PROBLEM REQUIREMENTS: Please write out the full listing beneath this line exactly, skipping its images.

(GIVEN INFORMATION begins)

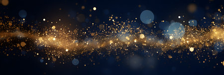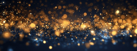 AI Generated. abstract background with Dark rich blue and gold particle Christmas Golden light shine particles bokeh on navy blue background Gold foil texture Holiday concept
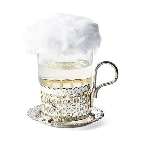 秋の綺麗な空に浮かぶ雲を彷彿とさせる白い綿あめを、冷やしたお茶を入れたカップのふちにかぶせるように乗せて。
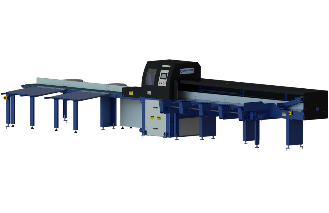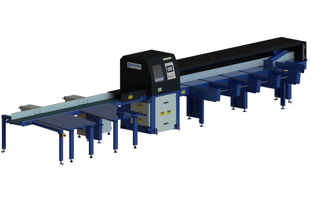 Projetada para destopo de madeira serrada. Realiza cortes em tábuas e longarinas com variado comprimento, largura e espessura. Efetua cortes de medidas programáveis no painel eletrônico, o avanço da madeira é automático.
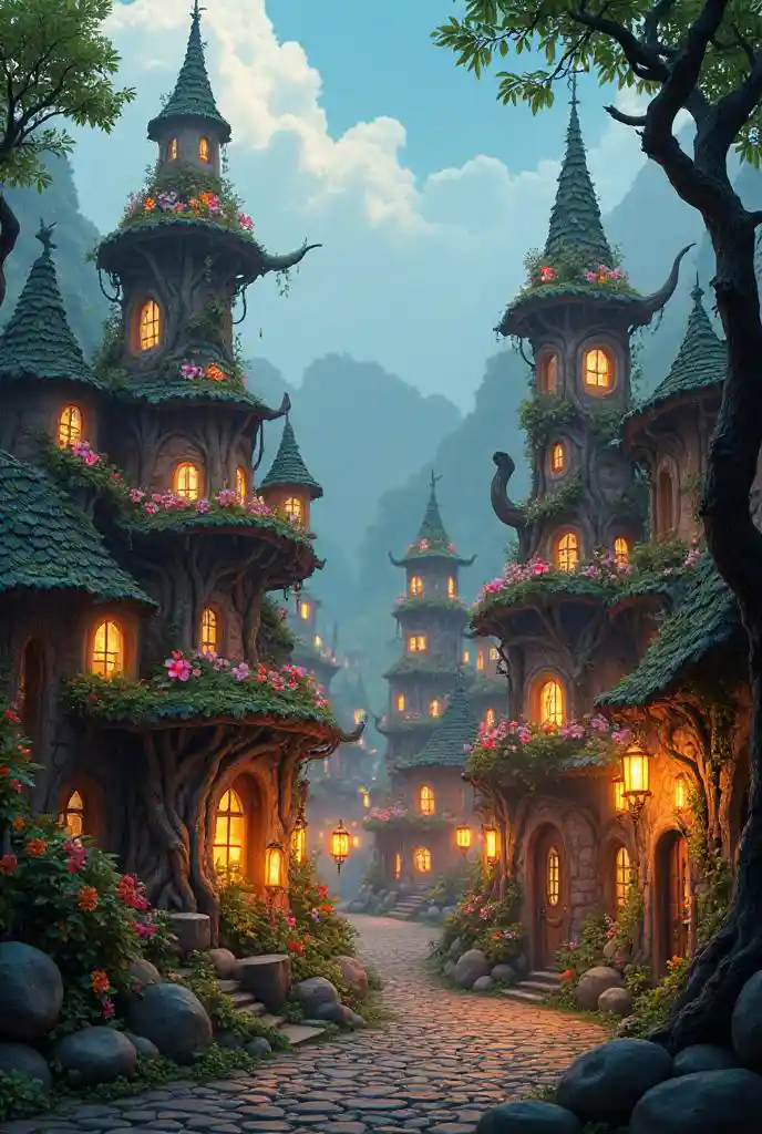 JocelynFantasy bybilde, magisk kanin by, glødende bures og tårn laget av vevd røtter og blomster, brostegner gater, linjer i form av gulv, levende p

(GIVEN INFORMATION ends)

SOLVED PROBLEM:
 AI Generated. abstract background with Dark rich blue and gold particle Christmas Golden light shine particles bokeh on navy blue background Gold foil texture Holiday concept
 秋の綺麗な空に浮かぶ雲を彷彿とさせる白い綿あめを、冷やしたお茶を入れたカップのふちにかぶせるように乗せて。
 Projetada para destopo de madeira serrada. Realiza cortes em tábuas e longarinas com variado comprimento, largura e espessura. Efetua cortes de medidas programáveis no painel eletrônico, o avanço da madeira é automático.
 JocelynFantasy bybilde, magisk kanin by, glødende bures og tårn laget av vevd røtter og blomster, brostegner gater, linjer i form av gulv, levende p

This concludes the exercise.